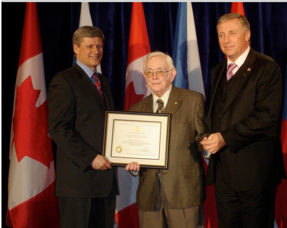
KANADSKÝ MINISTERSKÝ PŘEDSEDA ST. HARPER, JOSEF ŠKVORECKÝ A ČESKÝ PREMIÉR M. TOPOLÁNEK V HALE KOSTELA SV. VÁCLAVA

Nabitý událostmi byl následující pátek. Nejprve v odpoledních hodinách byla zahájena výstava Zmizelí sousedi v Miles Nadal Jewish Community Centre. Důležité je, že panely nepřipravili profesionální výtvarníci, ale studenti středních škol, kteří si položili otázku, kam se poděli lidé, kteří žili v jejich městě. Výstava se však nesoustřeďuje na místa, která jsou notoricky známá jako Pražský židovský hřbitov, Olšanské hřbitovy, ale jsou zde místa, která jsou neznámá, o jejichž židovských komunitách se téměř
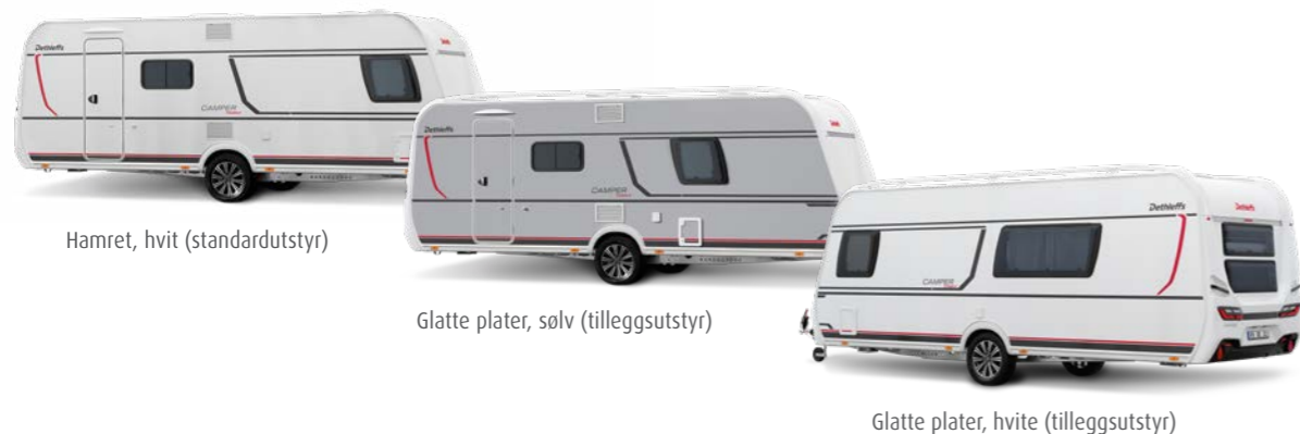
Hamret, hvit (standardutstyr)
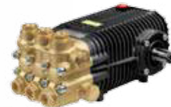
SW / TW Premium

——

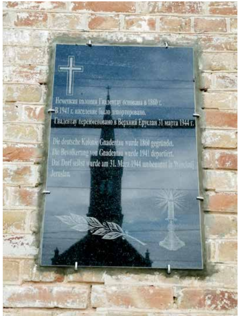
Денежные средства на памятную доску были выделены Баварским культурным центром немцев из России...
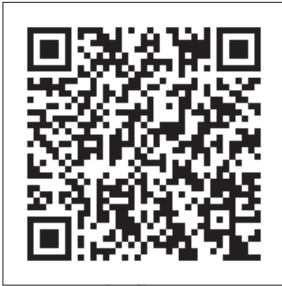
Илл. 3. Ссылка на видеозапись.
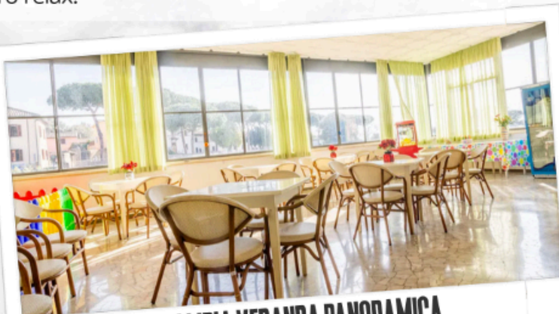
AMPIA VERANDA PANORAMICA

——

▸ ABOUT THIS TASK
Given the records above, return the lines starting at the one that holds "KANADSKÝ MINISTERSKÝ PŘEDSEDA" and ending at the one that holds "SW / TW Premium", exactly, and nothing besides; leave every picture out.

▸ FINISHED EXERCISE
KANADSKÝ MINISTERSKÝ PŘEDSEDA ST. HARPER, JOSEF ŠKVORECKÝ A ČESKÝ PREMIÉR M. TOPOLÁNEK V HALE KOSTELA SV. VÁCLAVA

Nabitý událostmi byl následující pátek. Nejprve v odpoledních hodinách byla zahájena výstava Zmizelí sousedi v Miles Nadal Jewish Community Centre. Důležité je, že panely nepřipravili profesionální výtvarníci, ale studenti středních škol, kteří si položili otázku, kam se poděli lidé, kteří žili v jejich městě. Výstava se však nesoustřeďuje na místa, která jsou notoricky známá jako Pražský židovský hřbitov, Olšanské hřbitovy, ale jsou zde místa, která jsou neznámá, o jejichž židovských komunitách se téměř
Hamret, hvit (standardutstyr)
SW / TW Premium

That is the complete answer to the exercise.